TAMPA (WFLA) – New watches and warnings have been issued for parts of Florida as Hurricane Dorian continues to batter the Bahamas.
Hurricane Dorian officially made landfall at 12:45 p.m. ET Sunday on Elbow Cay in the Bahamas as a Category 5 storm. It was one of the most intense hurricanes ever recorded in the Atlantic Basin.
The eye of the storm made a second landfall at 2 p.m. on Great Abaco Island near Marsh Harbour with maximum sustained winds of 185 mph.
As of 5 p.m. ET, the National Hurricane Center says the “eye of catastrophic Hurricane Dorian is crawling over the Abacos Islands in the Bahamas.”

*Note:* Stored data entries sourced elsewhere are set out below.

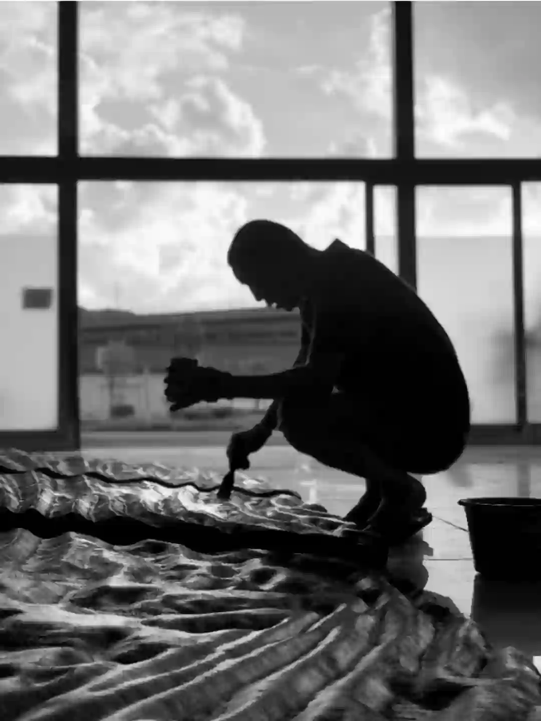 马泉享受极致的孤独,怀着对自然的敬畏之心,从44岁到57岁,他坚持每年进⼊沙漠腹地考察、探险。“沙漠是地球生命体的一部分,敬重沙漠就是敬重地球!”他猜测,沙漠无人区或许就是地球编码的⼀个区域,“我要好好的深入了解她,研究她……并‘解码’她。”这就是马泉创作动机的缘起,在沙漠探究六年之后才有的。
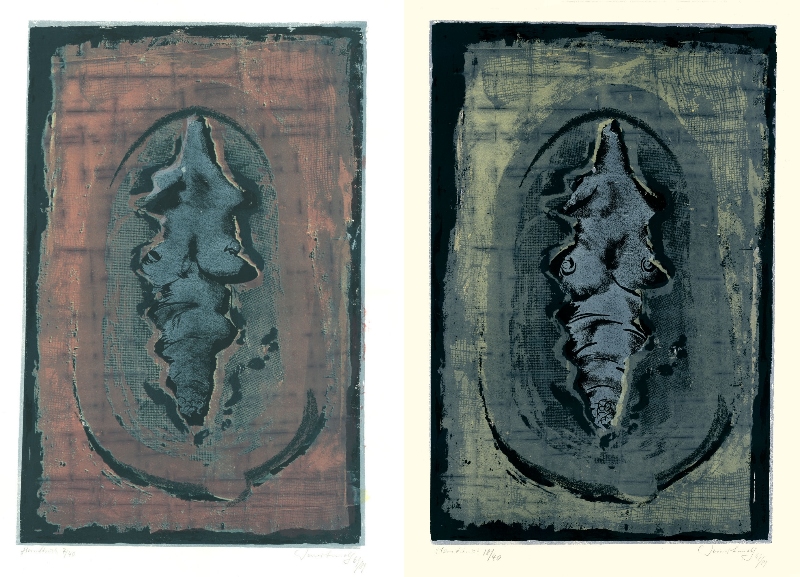 Seltener Durchblick, 1989, 62,5 x 44,5 cm, PM: 79 x 53 cm; Zeichnung: Entwurf für die Neugestaltung eines Siebdrucks von 1969; Tempera auf Büttenpapier, 2 Farbversionen
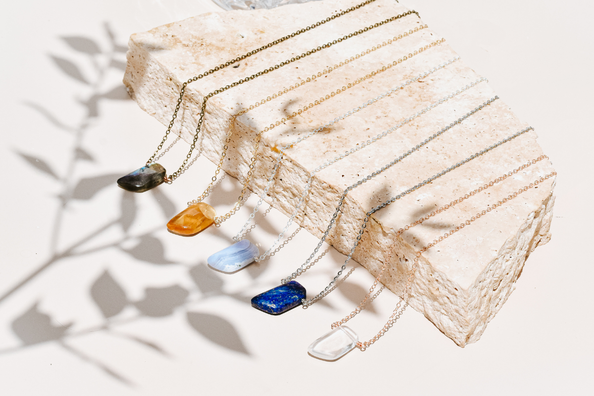 Small Smooth Clear Crystal Quartz Crystal Slab Necklace - Small Smooth Clear Crystal Quartz Crystal Slab Necklace - 14k Rose Gold Fill - Luna Tide Handmade Crystal Jewellery
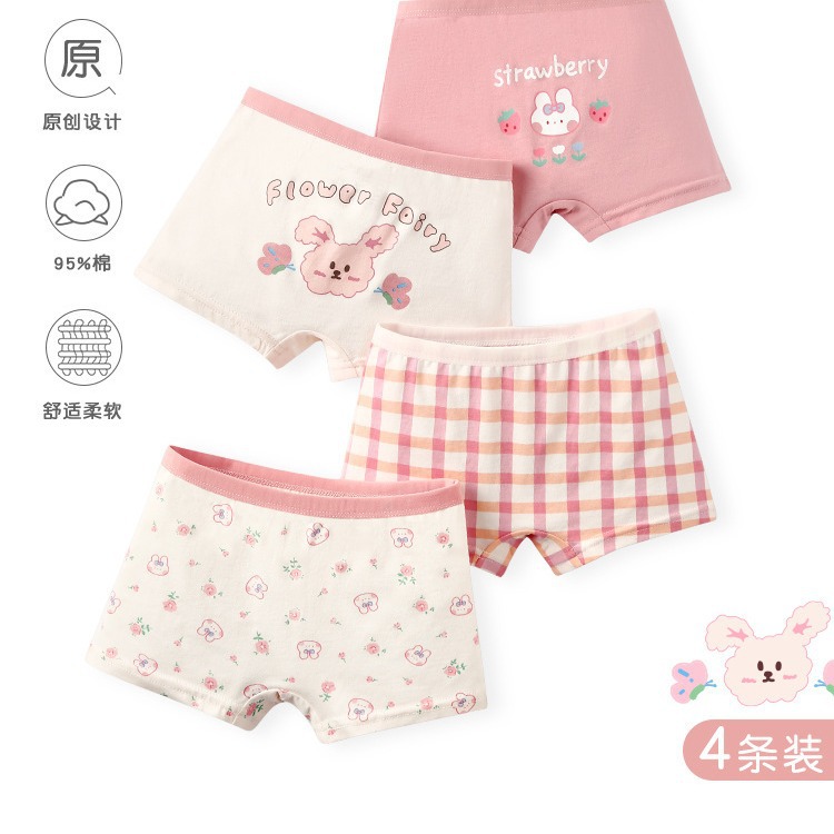 N146 girls’ underwear spring and summer wholesale cute little rabbit baby boxer underwear pure cotton plaid children’s underwear batch

In its latest advisory, the NHC says Dorian remains a powerful Category 5 storm with max wind speeds of 185 mph. It’s just 155 miles east of West Palm Beach and moving west at 5 mph.
The NHC has issued new watches and warnings for parts of Florida, saying in its 8 p.m. ET advisory that Dorian will move “dangerously close” to Florida’s east coast late Monday through Tuesday night.
More on the Hurricane Dorian timeline Sunday (all times local):
Extremely powerful, life-threatening Hurricane Dorian has reached the Bahamas. The National Hurricane Center in Miami said Sunday that Dorian made landfall in Elbow Cay at 12:40 p.m. EDT.
Maximum sustained winds have increased to a monstrous 185 mph (295 kph) from 180 mph (285 kph).
The Category 5 storm was moving west at 8 mph (13 kph).
The Hurricane Center says the arrival of the storm poses “a life-threatening situation” with hazards that will cause “extreme destruction.”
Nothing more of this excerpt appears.